The Palestinian refugee issue has been seen for some seventy years as a principal obstacle to a resolution of the conflict between Israel and the Palestinians. However, the expanding numbers of refugees from the Middle East and Africa today challenge the uniqueness of the Palestinian situation. In fact, the issue of Palestinian refugees is perceived more as the reflection of an ongoing lapse by Arab countries, Israel, and the international community, which have been unable to separate the solution to this problem from the greater political arrangement between Israel and the Palestinians. Despite the ongoing distress of the refugees, the subject is still seen as the Palestinians’ main bargaining chip in peace negotiations with Israel. However, the value of this historical card appears to be ebbing with the growing numbers of refugees worldwide and the absence of a solution to the Israeli-Palestinian conflict. After seven decades and many changes in the Middle East, perhaps this complex issue should be disconnected from the greater political settlement.
The decision by US President Donald Trump to freeze a third of the United States' contribution to UNRWA, the United Nations Relief and Works Agency, has brought renewed attention to an organization whose very existence and activity arouses harsh criticism in Israel. UNRWA was established in 1949 after the War of Independence to deal solely with Palestinian refugees. As with the question of Jerusalem, the Palestinian refugee issue has been seen for some seventy years as a principal obstacle to a resolution of the conflict between Israel and the Palestinians. For the Palestinians who have been raised on the Nakba heritage, any compromise on this issue is an attack on Palestinian national identity.
The number of individuals forced to leave their homes during the War of Independence is estimated at 720,000. Most of them settled in refugee camps in the West Bank, the Gaza Strip, Jordan, Lebanon, and Syria. According to UNRWA, all the descendants of Palestinian refugees are considered refugees, and therefore today they number over five and a half million. Citizenship of another country, for example, Jordan, does not cancel their refugee status. In other words, only the return of the refugees and their descendants to their homes can cancel this status.
For Israeli governments, the Palestinian demand for the "right of return" of refugees was and remains a red line. This position is supported by an absolute majority of Israeli citizens from all parts of the political spectrum, because the return of such large numbers of Palestinian refugees to the State of Israel would have far reaching consequences for the character of the state. However, all the attempts by the State of Israel over the years to change UNRWA’s definition of refugees have failed. Israel’s efforts to change UNRWA’s status as an independent entity and subject it to the UNHCR, which handles all other refugees worldwide, has failed as well. This is largely because the Arab countries believe that such a change would make it impossible to pass on refugee status to the descendants of Palestinian refugees and thus weaken the Palestinian position in negotiations.

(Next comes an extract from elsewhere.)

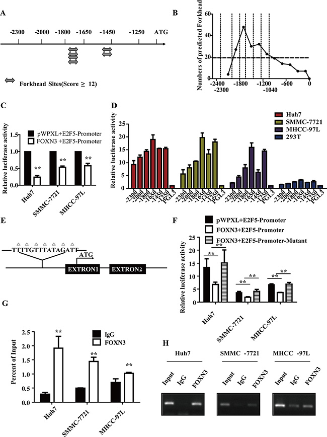 Figure 5: FOXN3 directly binds to and represses the E2F5 promoter in HCC cells. (A) Identification of potential forkhead binding sites in the E2F5 promoter with a score greater than 12 according to the JASPAR database. The analysis was performed by selecting all FOX family transcription factors from the JASPAR database as the template. (B) The numbers of all potential forkhead binding sites in the different regions of the E2F5 promoter. (C) Activity of the E2F5 promoter after transfection of FOXN3 into HCC cells. (D) Activity of the E2F5 promoter deletion mutants in Huh7, SMMC-7721, MHCC-97L and 293T cells. (E) The predicted FOXN3 binding site on the E2F5 promoter; the mutant is marked. (F) The activities of the E2F5 promoter and the mutant promoter after transfection of HCC cells with FOXN3. (G) The binding of FOXN3 to the E2F5 promoter in HCC cells was analyzed by chromatin immunoprecipitation using antibodies to FOXN3. A negative control with an irrelevant antibody (IgG) was included for comparison. qPCR was used to analyze the E2F5 promoter. (H) Agarose gel electrophoresis was used to analyze the crosslinking status. *P < 0.05, **P < 0.01.

The social and political shockwaves in the Middle East since 2011 make it imperative to reexamine the refugee issue. First, the expanding numbers of refugees from the Middle East and Africa challenge the uniqueness of the Palestinian situation. Today there are some 60 million displaced people, including 17 million refugees, half of them under the age of 18. These refugees are the responsibility of the UNHCR (High Commissioner for Refugees), and some make their way to Europe. Their movement has enormous economic, security, political, and national consequences for most of the countries of the continent.
This is the reason why the issue of Palestinian refugees is perceived more as the reflection of an ongoing lapse by Arab countries, Israel, and the international community, which have been unable to separate the solution to this problem from the greater political arrangement between Israel and the Palestinians. Despite the ongoing distress of the refugees, the subject is still seen as the Palestinians’ main bargaining chip in peace negotiations with Israel. However, the value of this historical card appears to be ebbing with the growing numbers of refugees worldwide and the absence of a solution to the Israeli-Palestinian conflict.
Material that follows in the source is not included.